Binder verified, with his signature, a PHRC Amended Complaint on August 10, 2003, which was received by the PHRC on August 14, 2003. The PHRC Amended Complaint contains three counts alleging, respectively, age, religious and ancestry discrimination. The PHRC Amended Complaint neither references nor alleges disability discrimination or retaliation. The PHRC assigned the PHRC Amended Complaint, Case No. 200208726 and it was dual filed with the Equal Employment Opportunity Commission ("EEOC") and assigned EEOC No. 17FA460100.*fn6 According to the Certificate of Service attached to the Amended Complaint, the PHRC served a copy of the PHRC Amended Complaint on PPL and Binder on October 23, 2003. PPL received the PHRC Amended Complaint and PHRC Questionnaire on October 27, 2003.
On December 14, 2005, the PHRC sent its Findings of the Investigation to Binder. The PHRC investigated only the allegations of discrimination asserted in the PHRC Amended Complaint, namely, age, religious and ancestry discrimination. With respect to the alleged age discrimination, the PHRC, after investigation, found no probable cause because:
There is no evidence that the Complainant was 'forced' to retire due to his age. After it was determined, by periodic medical evaluations, that [Binder] was unable to work for a prolonged period of time, his sick benefits were exhausted and he was faced with the option of retiring, which would preserve his retirement benefits, or being terminated. It must be agreed that the only reasonable and beneficial option would be to retire in view of the fact that his return to work was medically ruled out.
The PHRC, after investigation, also determined that no probable cause of discrimination existed with respect to Binder's claims of religious creed and ancestry discrimination. The PHRC's Findings of the Investigation do not discuss or mention disability discrimination or retaliation.
By letter dated December 23, 2005, Binder submitted additional information to the PHRC. The additional information that Binder supplied to the PHRC in December 2005 did not reference or allege disability discrimination or retaliation. On December 29, 2005, Stephen J. Richards, a Human Relations Representative of the PHRC, wrote to Binder stating that the additional information did not "substantially alter the no probable cause finding in this matter.."

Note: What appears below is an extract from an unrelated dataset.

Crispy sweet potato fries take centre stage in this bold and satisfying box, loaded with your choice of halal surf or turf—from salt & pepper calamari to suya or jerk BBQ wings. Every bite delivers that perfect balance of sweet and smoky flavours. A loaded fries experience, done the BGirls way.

On April 5, 2006, the EEOC served Binder with its Dismissal and Notice of Rights indicating that it was closing its file (EEOC No. 17FA460100) because it had adopted the findings of the PHRC that investigated his charge of age, religious and ancestry discrimination. Thereafter, on July 7, 2006, Binder initiated this cause of action, attaching the April 5, 2006 "right to sue" letter served on him by the EEOC.
Standard of Review
Subject matter jurisdiction over the alleged violations is proper pursuant to 28 U.S.C. § 1331. Because Binder's state law claims form part of the same case or controversy, subject matter jurisdiction over the PHRA claims are proper pursuant to 28 U.S.C. § 1367(a).

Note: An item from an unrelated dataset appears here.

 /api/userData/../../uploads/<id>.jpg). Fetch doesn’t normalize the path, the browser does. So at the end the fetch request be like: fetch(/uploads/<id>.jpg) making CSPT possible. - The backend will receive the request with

Pursuant to Rule 56(c) of the Federal Rules of Civil Procedure, summary judgment is proper "if there is no genuine issue as to any material fact and the moving party is entitled to judgment as a matter of law." FED. R. CIV. P. 56(c). The essential inquiry is "whether the evidence presents a sufficient disagreement to require submission to the jury or whether it is so one-sided that one party must prevail as a matter of law." Anderson v. Liberty Lobby, Inc., 477 U.S. 242, 251-252 (1986). The moving party has the initial burden of informing the court of the basis for the motion and identifying those portions of the record that demonstrate the absence of a genuine issue of material fact. Celotex Corp. v. Catrett, 477 U.S. 317, 323 (1986). An issue is genuine only if there is a sufficient evidentiary basis on which a reasonable jury could find for the non-moving party. Anderson, 477 U.S. at 249. A factual dispute is material only if it might affect the outcome of the suit under governing law. Id. at 248.

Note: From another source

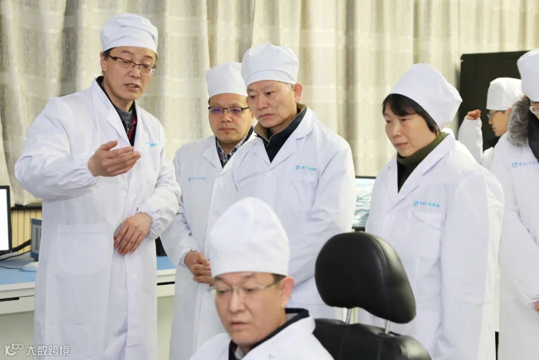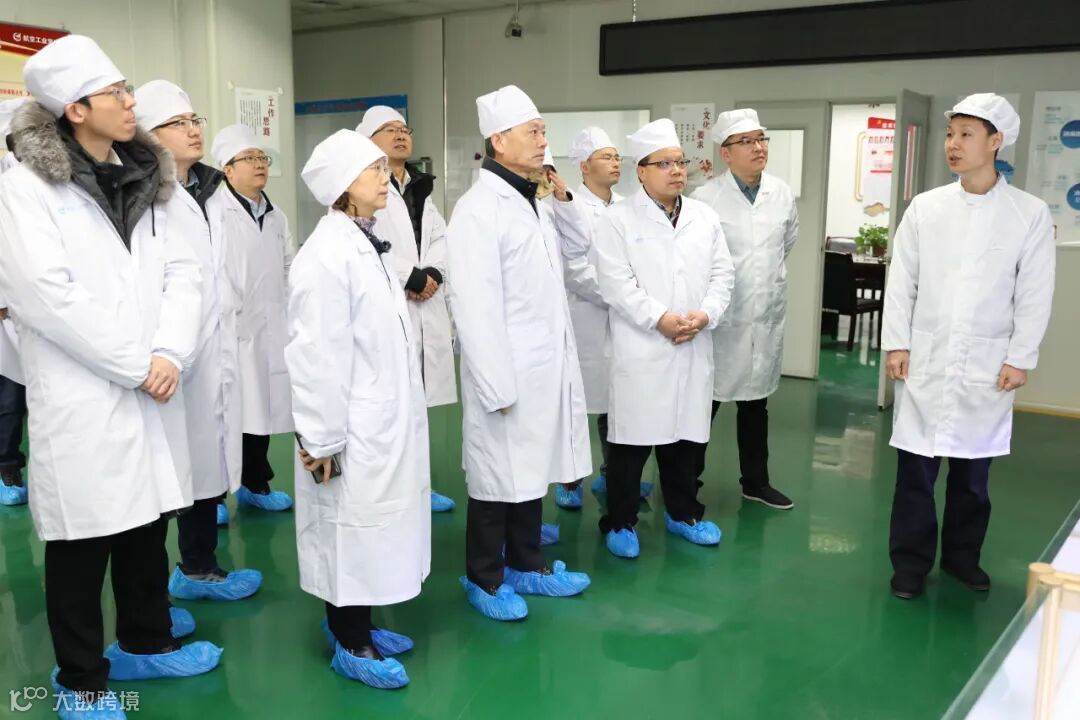 ▍在公司副总经理寇学锋、科技委专委高志远等人的陪同下, 陈迎春一行参观了公司产品展厅、近地告警试验室、装配部及光纤陀螺分厂等科研生产现场。

To defeat summary judgment, the non-moving party cannot rest on the pleadings, but rather that party must go beyond the pleadings and present "specific facts showing that there is a genuine issue for trial." FED. R. CIV. P. 56(e). Similarly, the non-moving party cannot rely on unsupported assertions, conclusory allegations, or mere suspicions in attempting to survive a summary judgment motion. Williams v. Borough of W. Chester, 891 F.2d 458, 460 (3d Cir. 1989)(citing Celotex, 477 U.S. at 325). The non-moving party has the burden of producing evidence to establish prima facie each element of its claim. Celotex, 477 U.S. at 322-323. If the court, in viewing all reasonable inferences in favor of the non-moving party, determines that there is no genuine issue of material fact, then summary judgment is proper. Id. at 322; Wisniewski v. Johns-Manville Corp., 812 F.2d 81, 83 (3d Cir. 1987). When the non-moving party will bear the burden of proof at trial, the moving party's burden can be "discharged by 'showing' - that is, pointing out to the District Court - that there is an absence of evidence to support the non-moving party's case." Jones v. Indiana Area Sch. Dist., 397 F. Supp.2d 628, 642 (W.D. Pa. 2005) (quoting Celotex, 477 U.S. at 325).
As a general rule, a plaintiff alleging employment discrimination cannot bring claims in federal court that were not first included in an EEOC charge and exhausted at the administrative level.*fn7 See Burgh v. Borough Counsel of Montrose, 251 F.3d 465, 469 (3d Cir. 2000). The Court of Appeals for the Third Circuit has recognized that this exhaustion requirement serves two purposes:
First, it puts the employer on notice that a complaint has been lodged against [it] and gives [it] the opportunity to take remedial action. Second, it gives the EEOC notice of the alleged violation and an opportunity to fulfill its statutory responsibility of seeking to eliminate any alleged unlawful practice by informal methods of conciliation, conference, and persuasion.
Bihler v. Singer Co., 710 F.2d 96, 99 (3d Cir. 1983). To determine whether a plaintiff has exhausted his administrative remedies, courts examine whether the acts alleged in the subsequent suit are fairly within the scope of the prior administrative charges or the investigation arising therefrom. Antol v. Perry, 82 F.3d 1291, 1295 (3rd Cir. 1996).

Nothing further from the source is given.